How do I get objects with the highest value property? In the above example I should restitute objects that have value = 4, value = 3, value = 2 (i.e. the first 3 largest values) i have tried something like this: 

let first: 0
let second: 0
let third: 0
array.map((res: any) => {
    if (res.value > first) {
    third = second
    second = first
    first = res
} else if (res.value > second) {
    third = second
    second = res

} else if (res.value > third) {
    third = res
}
})

The problem is that if there are two or more objects with the same value, it does not return them both, but only one.

jacopotaba
  • 84
  • 10

3 Answers3

2

You need to sort the array first and then find all the elements containing top 3 values. For that you might need to keep an array checking if you have pushed all the elements containing the same value or not.

var pickedValues = [];
array = array
  .sort((a, b) => a.value > b.value ? -1 : 1)
  .filter(el => {
    if(pickedValues.length === 3 && !pickedValues.includes(el.value)) return false;

    if(!pickedValues.includes(el.value)) pickedValues.push(el.value);

    return true;
  });

Check the working code below:

var array = [{
    name: 'name1',
    value: 0
  },
  {
    name: 'name2',
    value: 2
  },
  {
    name: 'name3',
    value: 4
  },
  {
    name: 'name4',
    value: 4
  },
  {
    name: 'name5',
    value: 3
  },
  {
    name: 'name6',
    value: 2
  },
  {
    name: 'name7',
    value: 0
  },
  {
    name: 'name8',
    value: 1
  },
];

var pickedValues = [];
array = array
  .sort((a, b) => a.value > b.value ? -1 : 1)
  .filter(el => {
    if(pickedValues.length === 3 && !pickedValues.includes(el.value)) return false;
    
    if(!pickedValues.includes(el.value)) pickedValues.push(el.value);
    
    return true;
  });
  
  
console.log(array)
Archie
  • 901
  • 4
  • 11
0

Here is how you do it in detail.

let array = [
 {
  name: 'name1',
  value: 0
 },
 {
  name: 'name2',
  value: 2
 },
 {
  name: 'name3',
  value: 4
 },
 {
  name: 'name4',
  value: 4
 },
 {
  name: 'name5',
  value: 3
 },
 {
  name: 'name6',
  value: 2
 },
 {
  name: 'name7',
  value: 0
 },
 {
  name: 'name8',
  value: 1
 }];

let sorted = array.sort(function(a, b) {
    if(a.value > b.value) { return -1 };
    if(a.value < b.value) { return 1 };

    return 0;
});

console.table(array.splice(0, 3));
Vijay Joshi
  • 919
  • 7
  • 17
0

First you need to sort the array, you can use the default sort method, why we have taken the copy using spread syntax is basically we don't want to mutate the existing array.

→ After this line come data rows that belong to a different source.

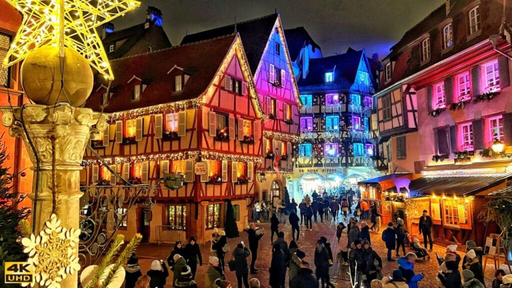 Nestled in France’s Alsace region, Colmar is a fairy-tale town that sets the stage for Christmas magic. Stroll along wooden chalets and cobbled streets adorned with lights and decorations, immersing yourself in a holiday wonderland. In the iconic “Petite Venise” district, charming boats illuminated with lights carry children’s choirs from the Colmar region, singing traditional carols on the canal.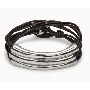 Bracciale a tre giri in cuoio marrone e particolari placcati argento Sterling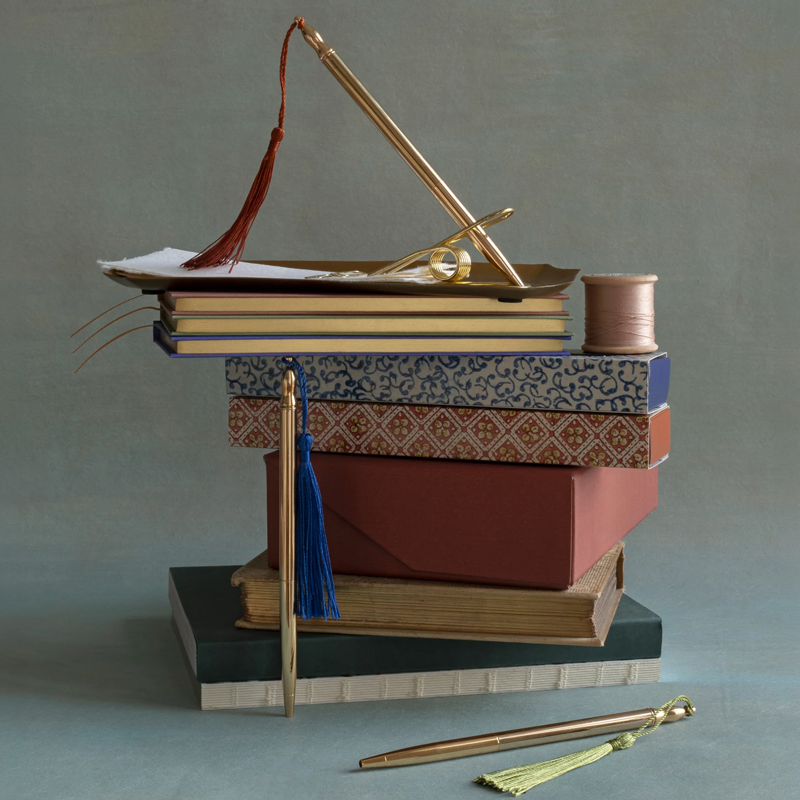 GOLD PLATED PEN GREEN TASSEL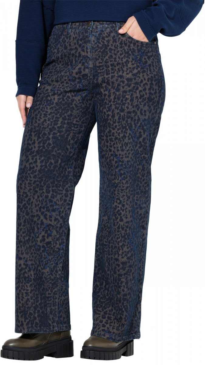 Ulla Popken Leopard Print Stretch Fit Jeans Ink Blue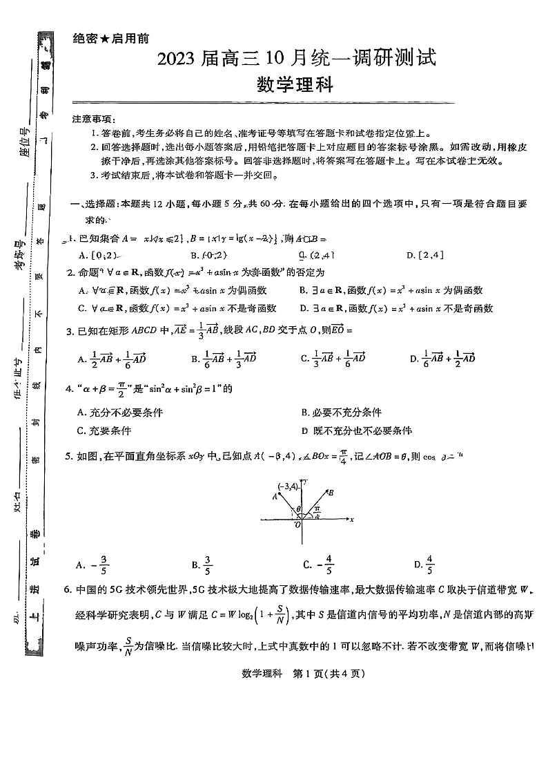高三理数--江西省稳派智慧上进2023届高三10月调研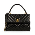 Oozing allure and sophistication, Chanel presents one of its most ravishing, highly acclaimed handbags, the Chanel Trendy CC Flap in Small. Crafted from radiant black lambskin and punctuated with in Chevron, the handbag features a sporty yet sharp silhouette. Its exterior is adorned in polished gold hardware with a rather enlarged CC clasp and Chanel’s signature chain strap. Ideal for the lady who bears an adoration for Chanel handbags but wants to steer away from the classic collection without compromising on aesthetic, the Trendy CC flap can be worn both during the day and night. Simply pair with an elegant pair of court heels and blasé dress to create a look that is as contemporary as it is Marilyn Monroe.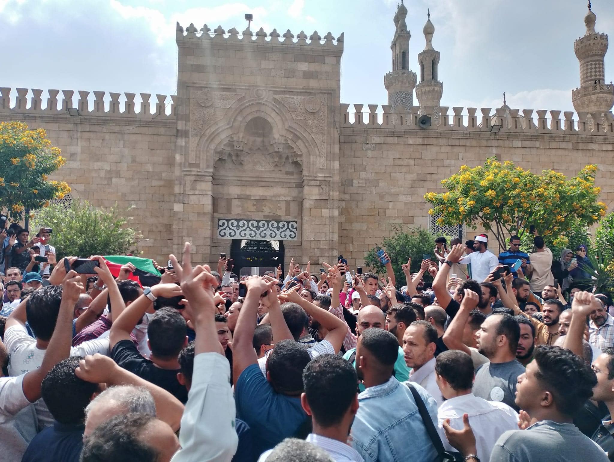 ووثقت مقاطع فيديو خروج الآلاف في مسيرة التضامن عقب أداء صلاة الجمعة بالمسجد الأشهر في القاهرة، وسط هتافات من بينها “بالروح بالدم نفديك يا أقصى” و”بالروح بالدم نفديك يا غزة”.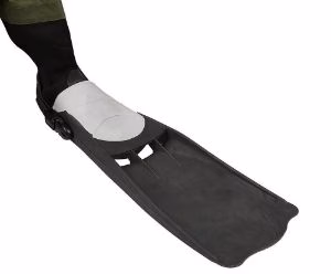 Le maintien du pied se fait sur la partie avant dans un chausson en caoutchouc, tandis qu’une sangle réglable vient maintenir l’ensemble en passant derrière le talon. Le battoir est en caoutchouc thermoplastique pour permettre une excellente poussée tout en garantissant une haute efficacité afin de réduire la fatigue des jambes, mais également pour une plus grande longévité.
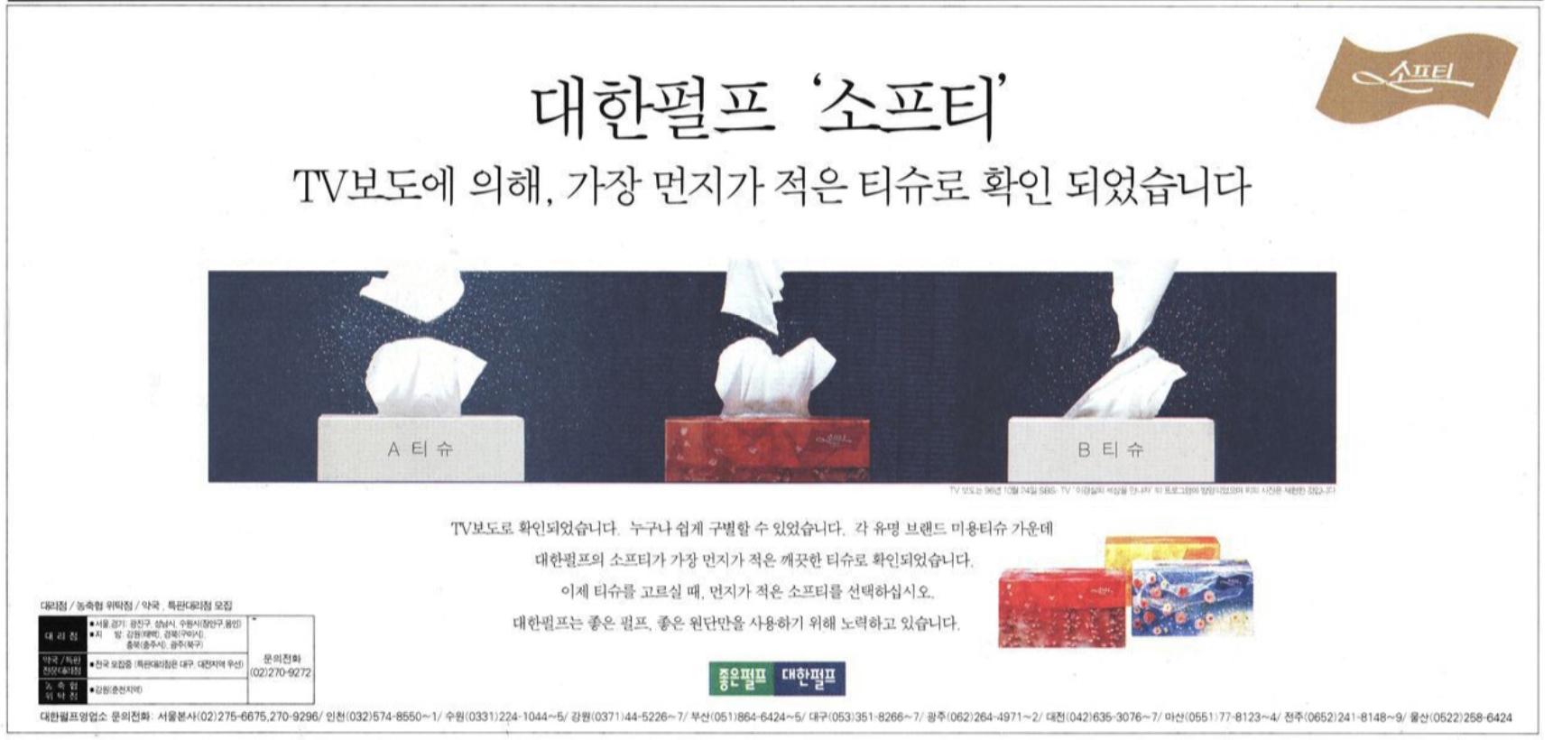 대한펄프 소프티 광고(조선일보, 1997. 3. 10) 이전글 기업 이미지 광고(매일경제, 1997. 3. 24) 다음글 창립 30주년 기념 광고(매일경제, 1996. 8. 30) 목록
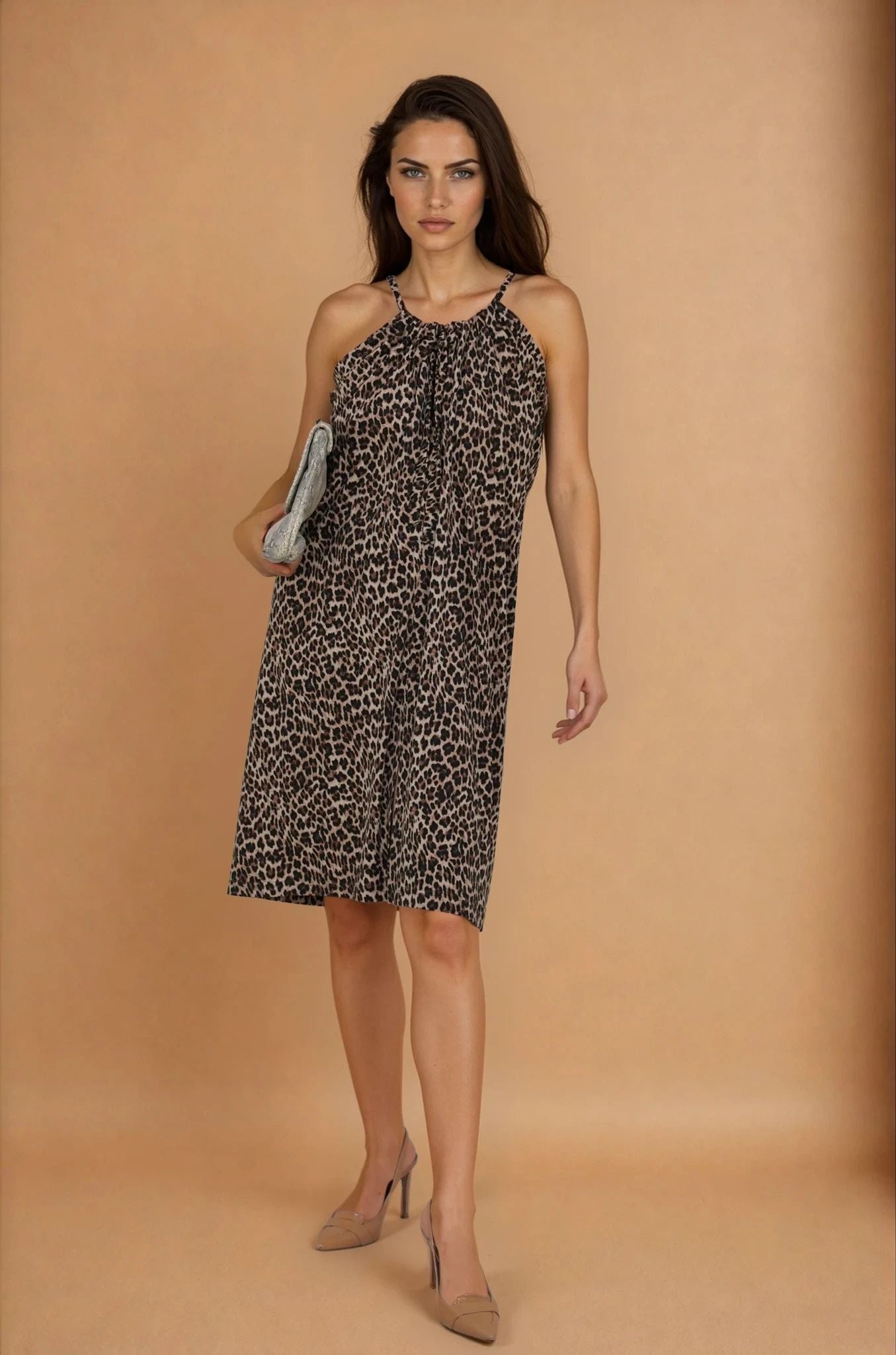 Crafted in a stunning animal print, this strappy, feminine dress features a round drawstring neckline that ties in the front, which creates beautiful gauging at the front & back bodice & the straight hem with a front slit, sits on the knee. Effortlessly stylish & perfect for the weekend, this dress can be worn loose or cinched in at the waist with our Obi Belt. Perfect for the weekend, style this dress with sandals or slip ons.

Once you sort you can do a slice which will give you the required elements.

See the working code snippet

let array = [
 {
  name: 'name1',
  value: 0
 },
 {
  name: 'name2',
  value: 2
 },
 {
  name: 'name3',
  value: 4
 },
 {
  name: 'name4',
  value: 4
 },
 {
  name: 'name5',
  value: 3
 },
 {
  name: 'name6',
  value: 2
 },
 {
  name: 'name7',
  value: 0
 },
 {
  name: 'name8',
  value: 1
 }
]

let sortedArray = [...array].sort((a,b) => b.value - a.value)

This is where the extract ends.